I listened to a lot of Sheryl Crow at that point, still do. She has a song on her first CD called I Shall Believe. I prayed this song. I put it on repeat, listening to it over and over. This was before the affair came out and a lot after it came out. The lyrics that hit me were… not everything is gonna be the way you think it ought to be. It seems like every time I try to make it right it all comes down on me. Please say honestly you won’t give up on me and I shall believe. I shall believe. That was my prayer to God to not give up on me while I was such a mess.
So if you can imagine what the revelation was like for Ben it was just as devastating for me. Like he said I had gotten very good at lying. At that point I could lie my way out of just about any situation. I could even turn it around to where he felt like he was the one in the wrong. That wasn’t a very good place to be.
I had been found out. My lying had to end. My lying had to stop. When I sat Ben down on the couch. I also was in shock because, like I said before, my family didn’t deal with stuff. If we did we just swept it under the carpet and pretended it never happened. That was a dynamic that was present for Ben and I as well. If stuff came up we completely avoided it or minimally dealt with it.
But you know what, my rug was standing up about head high. It was full under there. That rug needed to be lifted and shaken out; all that stuff needed to be spread out and dealt with.
Even if I thought he might find out I certainly didn’t expect the type of confrontation we had. I didn’t expect the anger that Ben expressed. I was reeling from the horror of the truth of who I was because all that time I was not only lying to Ben, I was lying to myself as well. The horror of the truth finally hit me. I really am that woman. I really am a woman who is capable of having an affair.
At the same time I felt relief. I don’t have to hide any more. I don’t have to keep this from him, this man that I really do love. I don’t have to keep this from anyone else any more. I can finally get it out in the light. That’s what was important. It was finally out in the light.
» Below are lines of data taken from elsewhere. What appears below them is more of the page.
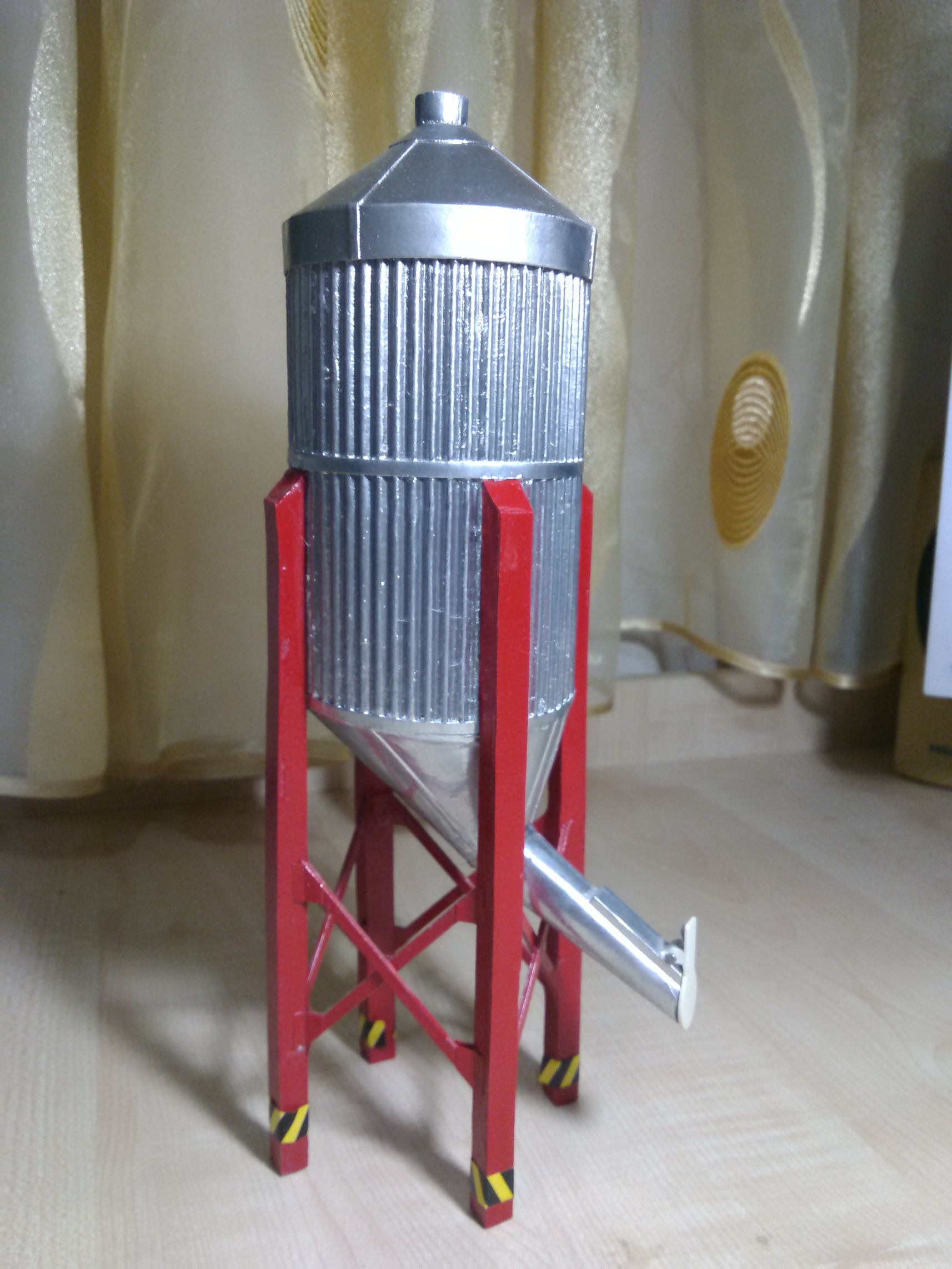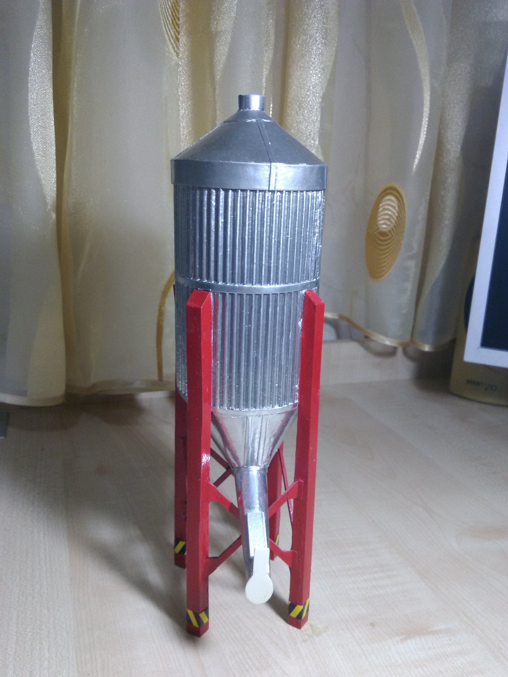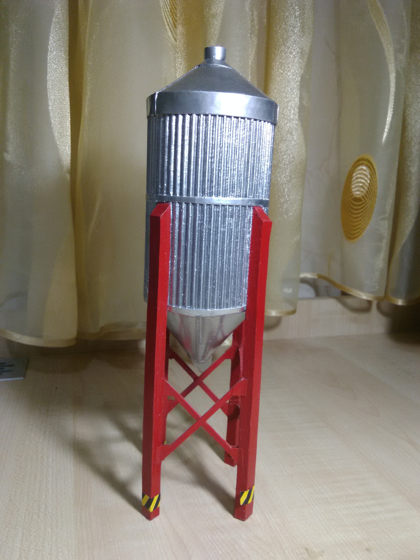 Зернохранилище сделано из картонной коробки от конструктора типа Лего. Там тоненький такой гофрокартон около 3-х мм. Для получения профиля надо одну сторону несильно намочить губкой. Буквально через несколько минут бумага отойдет от гофрированного слоя - получаем готовую заготовку. ЕЕ можно использовать для имитации шифера на домах, а если взять гофрокартон от обычной коробки, то гофру можно использовать для имитации вспаханного поля- покрасить, присыпать - классные такие борозды получаются. Из полученной гофры склеил корпус хранилища. Верхняя крышка и нижний конус - из плотного картона. После прогрунтовал несколько раз. И дальше самый ответственный момент - чтобы было похоже на металл надо обрезать ворсинки, которые после грунтования хорошо счищаются лезвием. Дело муторное, но того стоит. После обрезки я еще прогрунтовал пару раз и подрезал то что еще вылезло. Потом покрасил краской из баллона "Хром" в несколько слоев. Это надо для того чтобы краска заполнила поры в бумаге, все неровности и т.п. чтобы выглядело как метал - гладенько. В дальнейшем можно как-нибудь состарить, добавить ржавчины или еще что. Опоры сделаны тоже из гофрокартона, обклеены бумагой, прогрунтованы и покрашены. За суперкачеством не гнался - делалось для игры. Для макета сделал бы их из пластика.
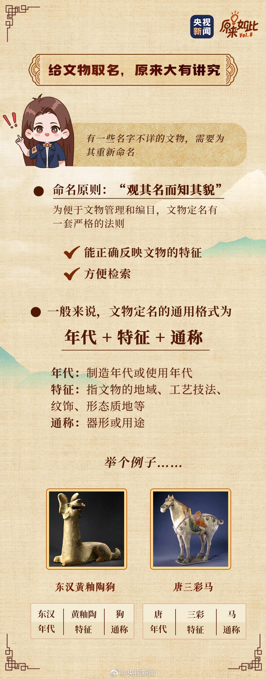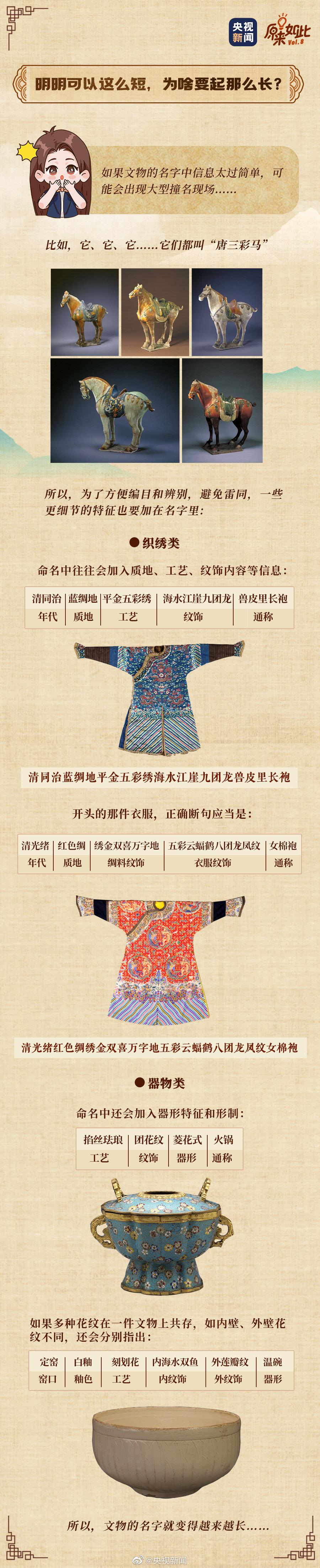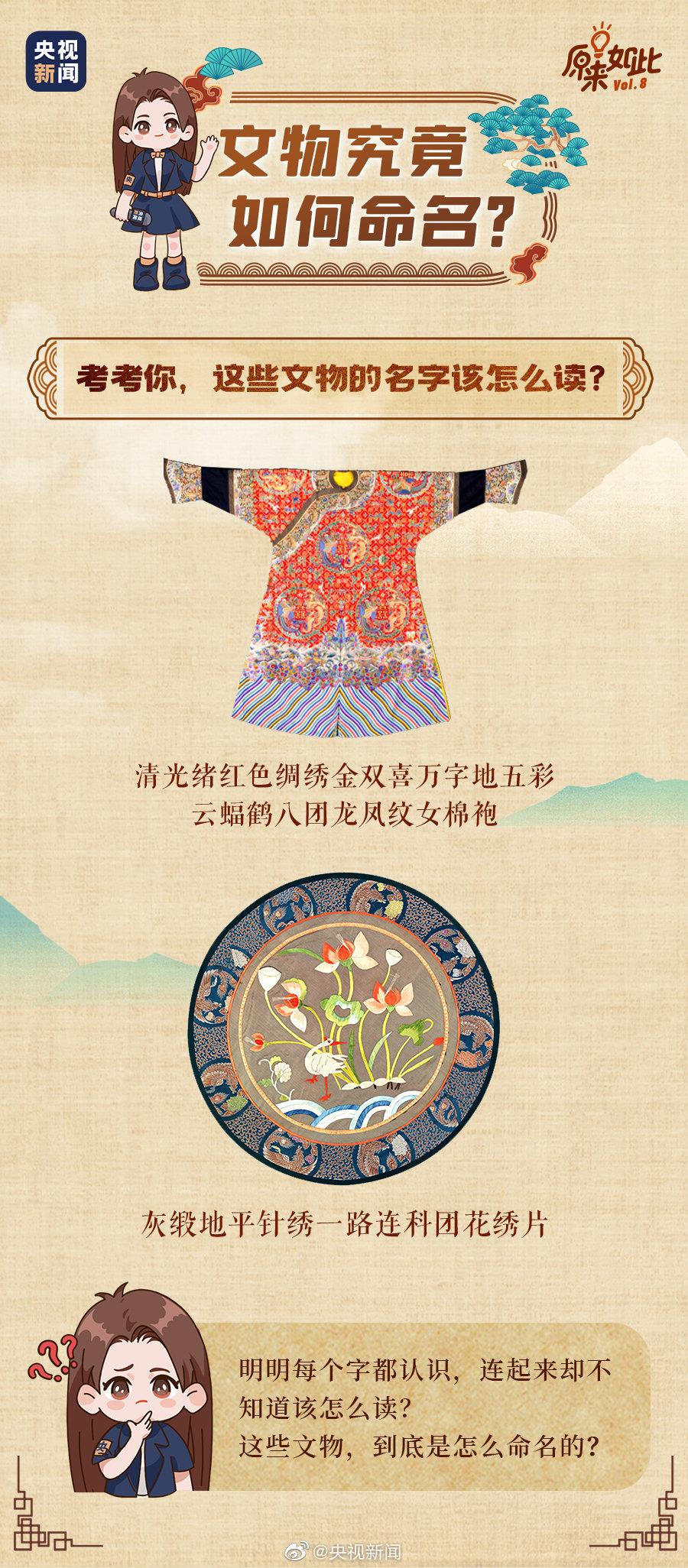 “清光绪红色绸绣金双喜万字地五彩云蝠鹤八团龙凤纹女棉袍”“灰缎地平针绣一路连科团花绣片”……给文物起名,既要体现特征,也要方便检索。为避免“撞名”,还会加入工艺、纹饰等信息,名字就越来越长。戳图↓学习文物知识!
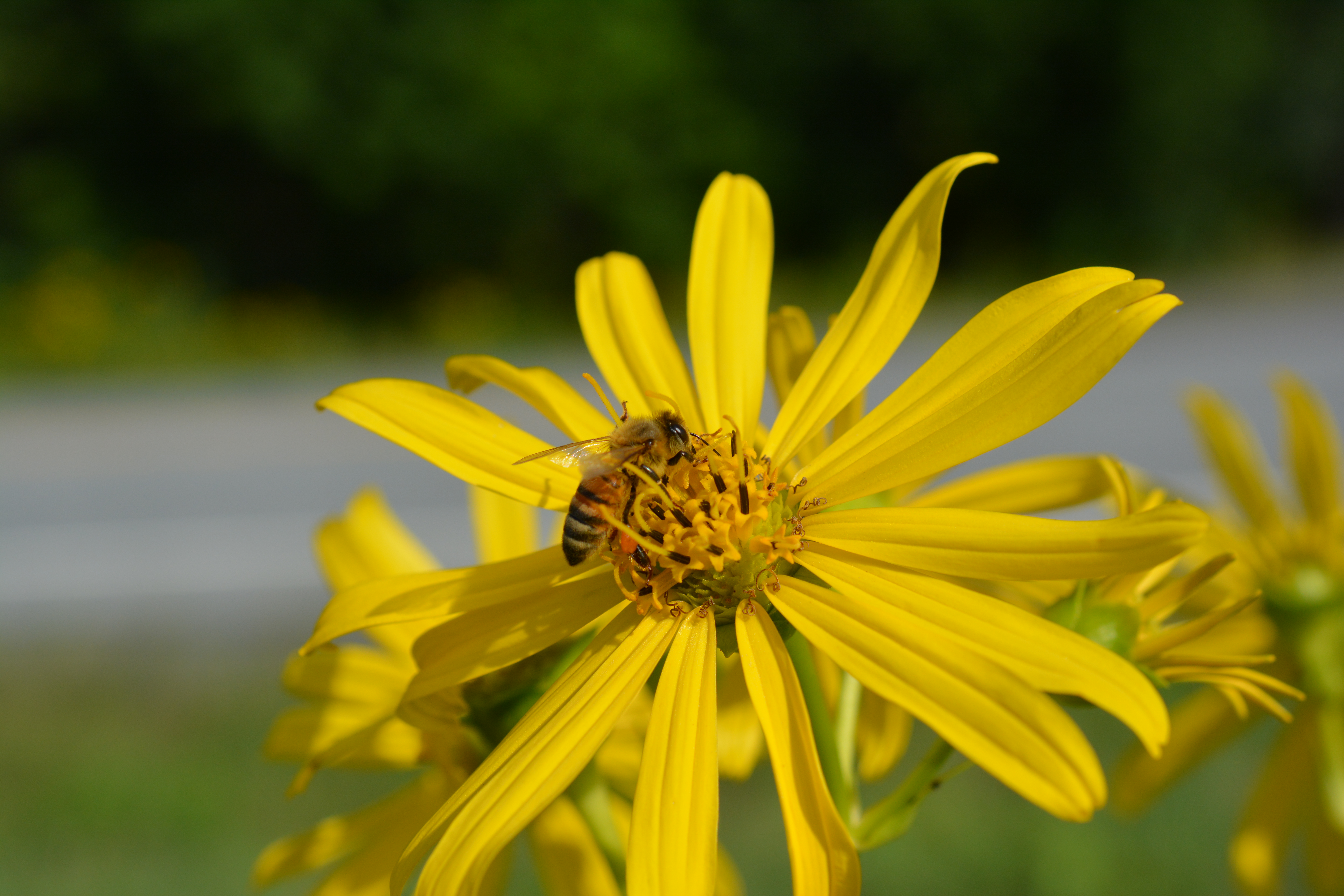 The aster family is often called the daisy or sunflower family and flowers in this group consist of a disk of small flowers surrounded by ray flowers. The overall look is one flower head surrounded by petals. Look closer at the disk and you will see there are many tiny flowers clustered together. Bees and other pollinators love these flowers. Many flowers in this group bloom in the late summer and early fall.

That night I am so thankful that we didn’t have anything in our house stronger than Tylenol. I was ready. I did not want to deal with the pain. I did not want to deal with the hurt. I did not want to deal with my emotions. I didn’t want to look at all my failures, my bentness, all these idols I had been worshipping. I didn’t want to look at all that. I felt we’d just be better off if I just ended it.
But all we had was Tylenol and all that will do is just make you really sick.
I worked in a hospital so I knew. I’d seen people take the charcoal to bring everything back up. I didn't want to do that.
So, I lived in the chaos. We lived in the chaos.